**ACTIVITY**.
Would you print the listing that follows exactly, but without its pictures?

**GIVEN DATA**.
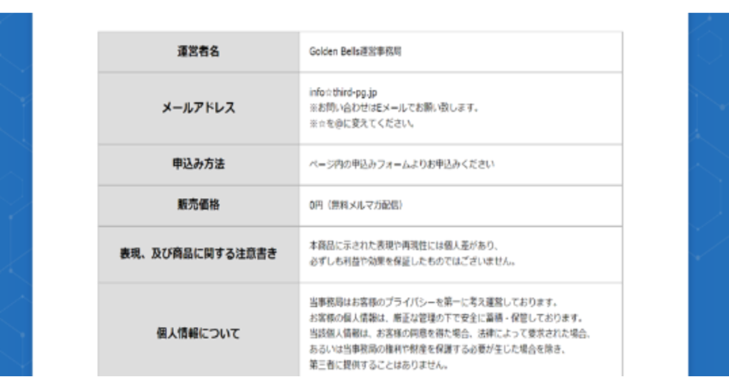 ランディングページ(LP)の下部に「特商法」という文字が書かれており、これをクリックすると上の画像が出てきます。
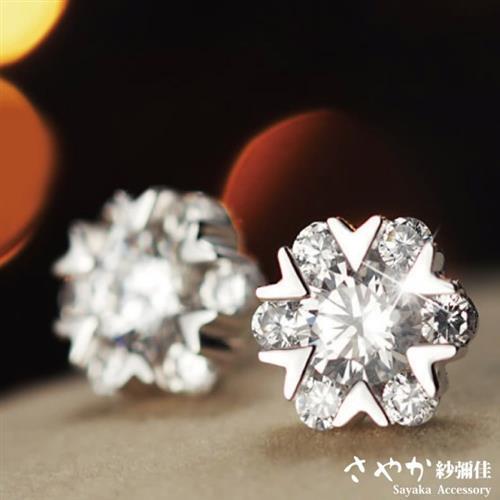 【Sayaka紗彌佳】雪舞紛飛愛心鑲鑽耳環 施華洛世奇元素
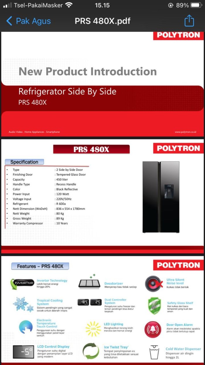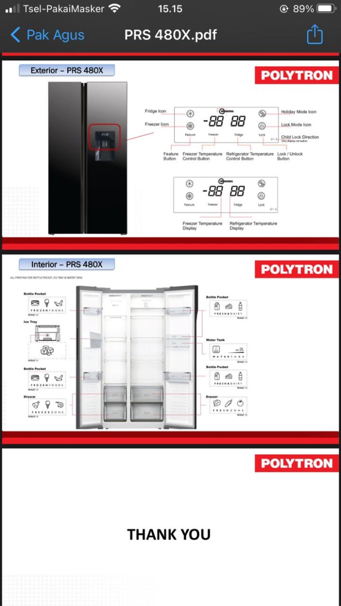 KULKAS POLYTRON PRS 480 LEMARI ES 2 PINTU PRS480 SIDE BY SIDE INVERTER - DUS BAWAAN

**ANSWER FOR THIS EXERCISE**.
 ランディングページ(LP)の下部に「特商法」という文字が書かれており、これをクリックすると上の画像が出てきます。
 【Sayaka紗彌佳】雪舞紛飛愛心鑲鑽耳環 施華洛世奇元素
 KULKAS POLYTRON PRS 480 LEMARI ES 2 PINTU PRS480 SIDE BY SIDE INVERTER - DUS BAWAAN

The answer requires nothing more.